Il convient de reprendre chaque élément de la définition présentée ci-dessus.
Un ensemble non clivé
A priori, les conseillers communautaires forment un ensemble qui n’est pas, à l’origine, divisé en permanence par l’appartenance de ses membres soit à une majorité, soit à une opposition. Il peut, sur un sujet particulier, se diviser mais ce sera alors en raison de divergences ponctuelles, et pas en fonction de postures liées à l’appartenance à tel ou tel parti politique.
Des statuts différents
L’ensemble formé par les conseillers communautaires est assez hétérogène puisqu’il est constitué de conseillers ayant des statuts, donc des niveaux de responsabilités et, par là même, des niveaux d’implication et d’information très différents les uns des autres.
Citons :
- Les membres du bureau communautaire (article L. 5211-10 du
Code général des collectivités territoriales
).
- Les membres (titulaires et suppléants) du conseil communautaire (article L. 5211-10 du CGCT).
- Les membres des commissions thématiques : chaque commission est composée de conseillers qui se répartissent les rôles de 1er vice-président de commission, parfois entouré de deux ou trois autres vice-présidents de commissions, et les rôles de simples membres de commission. Ces membres sont des conseillers titulaires ou des conseillers suppléants, mais ils peuvent être également des « auditeurs libres », à savoir de simples conseillers municipaux ayant reçu mandat de leur conseil municipal uniquement pour siéger au sein d’une ou plusieurs commissions thématiques. On en déduit que ces auditeurs libres doivent bénéficier d’éléments d’appréhension des sujets traités en commission.
- Les membres de la conférence des maires (si cette instance existe) : elle est composée des maires de chaque commune membre. Mais chaque maire n’a peut-être pas fait le choix de siéger au sein de l’intercommunalité. Ceux qui ne participent qu’à cette instance ont donc besoin de bénéficier d’un lien d’information permanent, venant de l’Institution directement.
Une hétérogénéité des adhésions
Les conseillers communautaires n’ont pas toujours été élus par les conseils municipaux en fonction de leur bienveillance pour le phénomène intercommunal. Certaines communes ont pu choisir, au contraire, quelques « intercommunaux septiques » afin que leurs intérêts particuliers soient férocement préservés.
Des préoccupations et des vécus inégaux
Le territoire d’une intercommunalité est composé de communes très différentes les unes des autres. Les élus seront donc très différents eux aussi. Ils le sont par leurs préoccupations, ne serait-ce que parce que vont sans doute cohabiter dans les EPCI des élus très « urbains », venant de grandes villes et des élus plus « ruraux ». Ils le sont aussi par les populations qu’ils représentent, donc les modes de vie et les attentes vis-à-vis des politiques.
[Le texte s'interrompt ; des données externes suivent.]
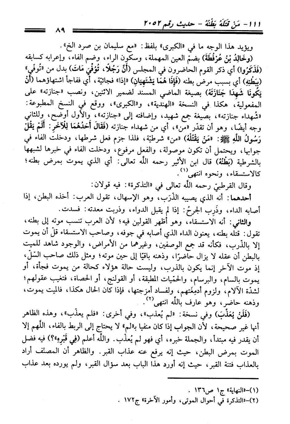 (¬2) - "التذكرة في أحوال الموتى، وأمور الآخرة" ج 172.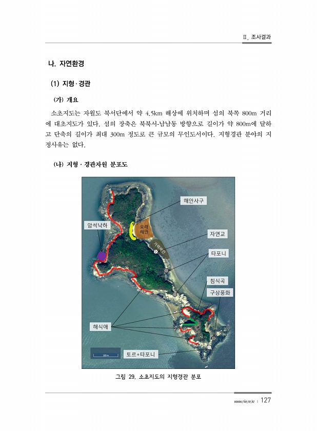 Ⅱ. 조사결과 www.nie.re.kr ? 127 나. 자연환경 1 지형 ? 경관 가 개요 소초지도는 자월도 북서단에서 약 4.5km 해상에 위치하며 섬의 북쪽 800m 거리 에 대초지도가 있다. 섬의 장축은 북북서-남남동 방향으로 길이가 약 800m에 달하 고 단축의 길이가 최대 300m 정도로 큰 규모의 무인도서이다. 지형경관 분야의 지 정사유는 없다. 나 지형·경관자원 분포도 그림 29. 소초지도의 지형경관분포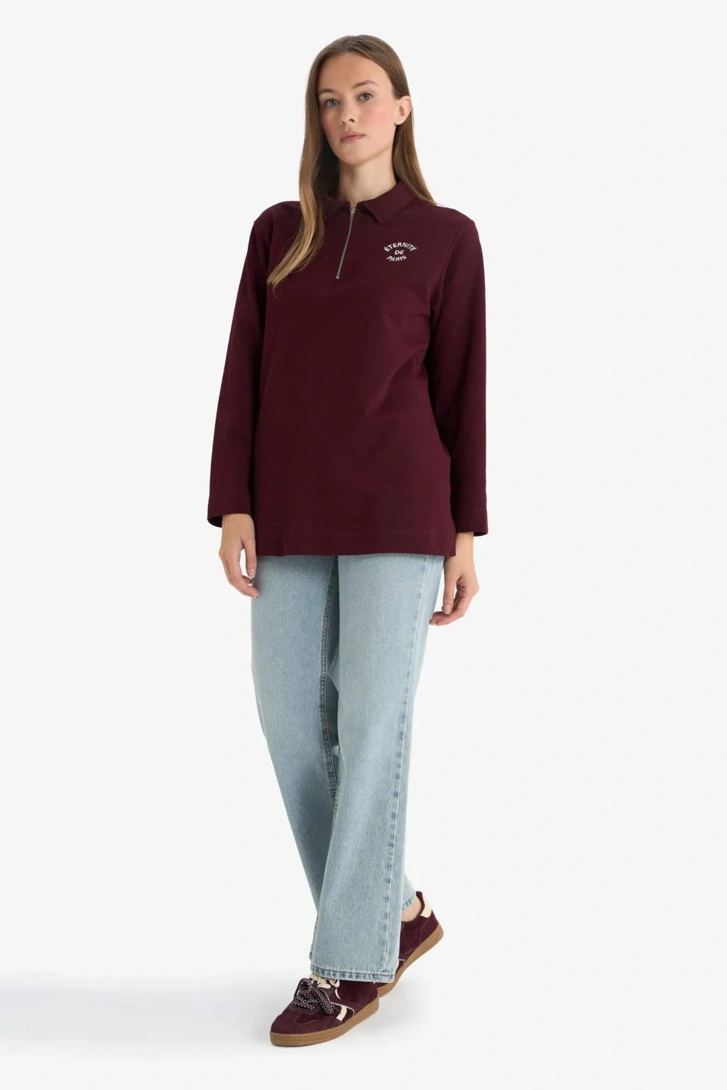 Regular fit kesimi ve polo yaka tasarımıyla şıklık sunan bu nakışlı yarım fermuarlı sweatshirt tunik, rahat ve modern bir stil yaratır. Yumuşak kumaşıyla gün boyu konfor sağlar.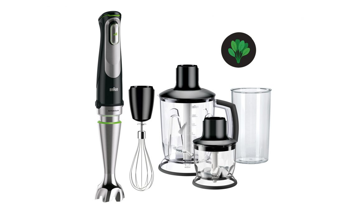 • Mixer: con un motore da 1.000 watt e base in acciaio inox, il mixer MultiQuick 9 è dotato di 3 tecnologie: ACTIVEBlade che fa oscillare verticalmente il gruppo lame, POWERBell Plus che permette di lavorare e sminuzzare ingredienti di grandi dimensioni riducendo lo sforzo del 40% e SPLASHControl anti-schizzo per una miscelazione perfetta e più agevole. [Braun, €150].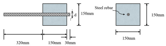 There were seven groups in the experiment. Each group has three cubic specimens (150 mm), and the average value is taken to represent the final result. The steel rebar is embedded in a fully embedded manner, i.e., bond length of 150 mm. A schematic diagram of the pull-out specimens is shown in Figure 3.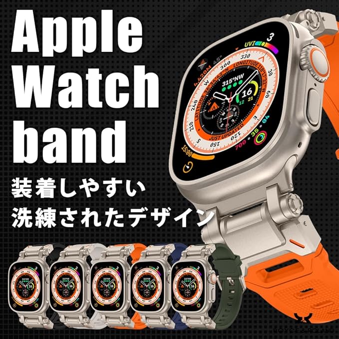 【耐久性抜群の設計】アップルウォッチUltraに完璧にマッチするタフで屈強なデザインです。メカニカルなコネクターにはステンレスを使用しており、耐久性の高い造りが特徴。アップルウォッチUltraのチタンケースに調和し、デザイン性も機能性も抜群のバンドです。
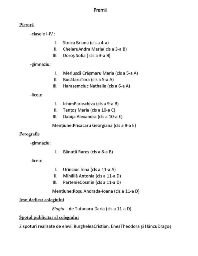 Directorii colegiului au premiat și o parte din partenerii de tradiție, inclusiv cotidianul Deșteptarea, „pentru promovarea initiativelor și acțiunilor colegiului în comunitatea locală”.
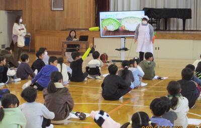 最後に、自分たちにできることを縦割り班で出し合い、発表し合いました。1年生も6年生の話を聞き、自分たちのできることを話し合いました。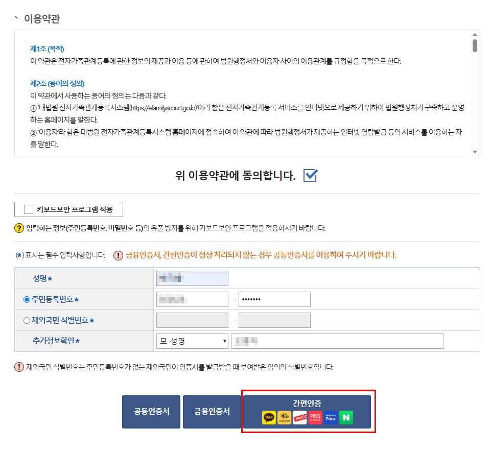 - 공동인증서 또는 간편인증(PASS 등) 로그인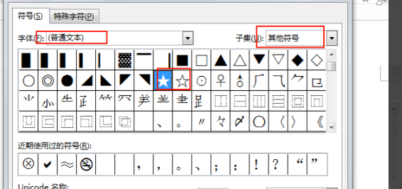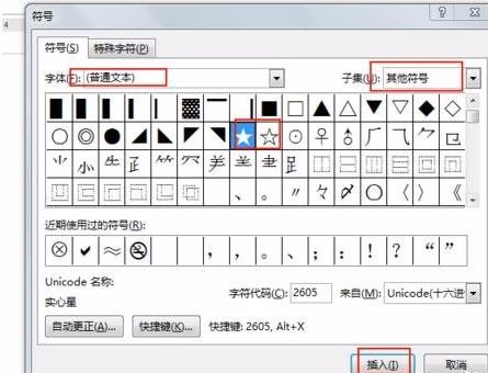3、然后我们在弹出来的窗口中字体选择普通文本,子集选择其他符号,找到实心五角星,然后点击插入就可以了。

Ils le sont, enfin, car leur vécu et leur relation à la gouvernance publique ne seront pas les mêmes.
Une connaissance du fonctionnement des EPCI et très inégale : les élus locaux sont des citoyens comme les autres, leur mandat ne leur a pas automatiquement fait intégrer les complexes strates et rouages de l’administration territoriale. Par ailleurs, leur ancienneté élective pourra également être différente. Leurs facultés de jongler avec le CGCT, les procédures et les rouages publics seront tout aussi inégales.
Ainsi, la communication à destination des conseillers communautaires veillera à leur apporter les informations utiles, les ressources nécessaires pour que fonctionnement, procédures et enjeux soient compris. Elle s’attachera aussi à mettre en place ou à accompagner les moments de travail commun, pour qu’un « esprit communautaire » souffle entre les délégués.